Task prompt :: The listing that follows must be retyped exactly, without its pictures.

Data block ::
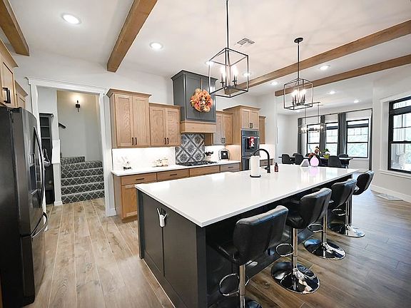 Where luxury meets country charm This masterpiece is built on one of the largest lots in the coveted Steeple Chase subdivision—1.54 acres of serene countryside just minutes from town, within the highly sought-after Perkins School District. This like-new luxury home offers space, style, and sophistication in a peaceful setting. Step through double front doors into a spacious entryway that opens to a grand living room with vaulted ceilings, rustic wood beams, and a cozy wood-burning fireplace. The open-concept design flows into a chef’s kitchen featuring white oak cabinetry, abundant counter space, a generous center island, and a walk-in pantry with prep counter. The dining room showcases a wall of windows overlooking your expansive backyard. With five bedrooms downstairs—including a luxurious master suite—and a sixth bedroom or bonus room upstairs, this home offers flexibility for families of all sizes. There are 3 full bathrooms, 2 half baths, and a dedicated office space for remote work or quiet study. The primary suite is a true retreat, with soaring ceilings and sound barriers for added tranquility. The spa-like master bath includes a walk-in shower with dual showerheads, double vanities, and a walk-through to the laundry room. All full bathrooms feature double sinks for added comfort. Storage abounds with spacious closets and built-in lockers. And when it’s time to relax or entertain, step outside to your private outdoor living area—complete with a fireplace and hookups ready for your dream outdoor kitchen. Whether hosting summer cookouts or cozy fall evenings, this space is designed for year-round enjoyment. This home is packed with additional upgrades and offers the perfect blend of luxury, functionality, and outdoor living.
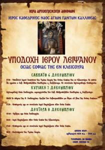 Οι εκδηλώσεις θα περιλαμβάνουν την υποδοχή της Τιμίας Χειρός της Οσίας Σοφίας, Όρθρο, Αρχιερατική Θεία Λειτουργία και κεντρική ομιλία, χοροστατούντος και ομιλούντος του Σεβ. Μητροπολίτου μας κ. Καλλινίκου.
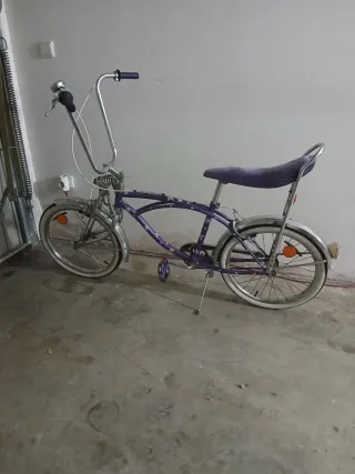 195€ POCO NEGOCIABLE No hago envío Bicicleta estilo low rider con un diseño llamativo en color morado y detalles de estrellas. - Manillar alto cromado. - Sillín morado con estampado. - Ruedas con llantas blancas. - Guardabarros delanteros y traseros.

Task answer ::
 Where luxury meets country charm This masterpiece is built on one of the largest lots in the coveted Steeple Chase subdivision—1.54 acres of serene countryside just minutes from town, within the highly sought-after Perkins School District. This like-new luxury home offers space, style, and sophistication in a peaceful setting. Step through double front doors into a spacious entryway that opens to a grand living room with vaulted ceilings, rustic wood beams, and a cozy wood-burning fireplace. The open-concept design flows into a chef’s kitchen featuring white oak cabinetry, abundant counter space, a generous center island, and a walk-in pantry with prep counter. The dining room showcases a wall of windows overlooking your expansive backyard. With five bedrooms downstairs—including a luxurious master suite—and a sixth bedroom or bonus room upstairs, this home offers flexibility for families of all sizes. There are 3 full bathrooms, 2 half baths, and a dedicated office space for remote work or quiet study. The primary suite is a true retreat, with soaring ceilings and sound barriers for added tranquility. The spa-like master bath includes a walk-in shower with dual showerheads, double vanities, and a walk-through to the laundry room. All full bathrooms feature double sinks for added comfort. Storage abounds with spacious closets and built-in lockers. And when it’s time to relax or entertain, step outside to your private outdoor living area—complete with a fireplace and hookups ready for your dream outdoor kitchen. Whether hosting summer cookouts or cozy fall evenings, this space is designed for year-round enjoyment. This home is packed with additional upgrades and offers the perfect blend of luxury, functionality, and outdoor living.
 Οι εκδηλώσεις θα περιλαμβάνουν την υποδοχή της Τιμίας Χειρός της Οσίας Σοφίας, Όρθρο, Αρχιερατική Θεία Λειτουργία και κεντρική ομιλία, χοροστατούντος και ομιλούντος του Σεβ. Μητροπολίτου μας κ. Καλλινίκου.
 195€ POCO NEGOCIABLE No hago envío Bicicleta estilo low rider con un diseño llamativo en color morado y detalles de estrellas. - Manillar alto cromado. - Sillín morado con estampado. - Ruedas con llantas blancas. - Guardabarros delanteros y traseros.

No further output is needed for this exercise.